Credit card fraud, phishing, and online scams are plaguing Singapore, according to new reports from Symantec, but only half of victims seek help, a fact that leaves Internet users feeling helpless and frustrated. According to Symantec, 30% of small and medium-sized businesses in Singapore have seen an increase in cybercrimes recently, a finding that is surprising, given that just this week Singapore was rated as the third most competitive economy in the world, which presumably means a safe online working environment.
Symantec, an online security company, may be biased, but their findings nevertheless raise worthy questions. Why don’t Internet users report cybercrimes? The primary reasons are time and cost, according to Symantec. With an average cost of over $1,000 and over 20 days to reach full resolution, it’s no wonder so few victims report and resolve cybercrimes.
Consider also that Singapore is locked in a tough competition with Hong Kong to be the leading economic hub in Asia. According to Symantec, spam levels in Hong Kong are at an astronomical 92%, and virus levels are at 1 in 505.5.
In Singapore, IT departments spend two thirds of their time blocking criminal attempts and $51,000 annually on information protection. “This is double the time and 27.5% more money than they spend on other computing tasks,” Symantec says.

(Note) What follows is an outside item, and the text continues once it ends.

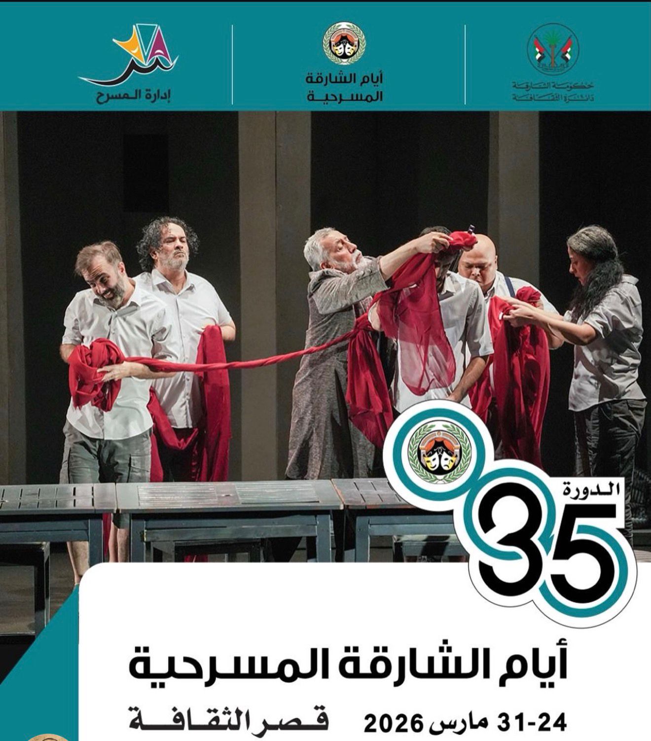 تنطلق الدورة 35 من مهرجان أيام الشارقة المسرحية في الفترة من 24 حتى 31 مارس القادم، ويقام المهرجان تحت رعاية الدكتور سلطان بن محمد القاسمي عضو المجلس الأعلى حاكم الشارقة، وتقيمه إدارة المسرح بدائرة الشارقة، برئاسة الفنان أحمد بو رحيمة، وتقدم عروض المهرجان على مسارح قصر الثقافة وبيت الشعر.

And in terms of disaster recovery? “Sixty percent have either a plan that is not well-documented or needs work. 16% have no plan at all.”
Globally, 65% of respondents from 14 countries say they have been victims of cybercrimes, including hacking, phishing, and credit card fraud. China has the highest percentages of cybercrime occurrence, as 83% of respondents reported being victims, followed by India and Brazil (76%), and the U.S. (73%).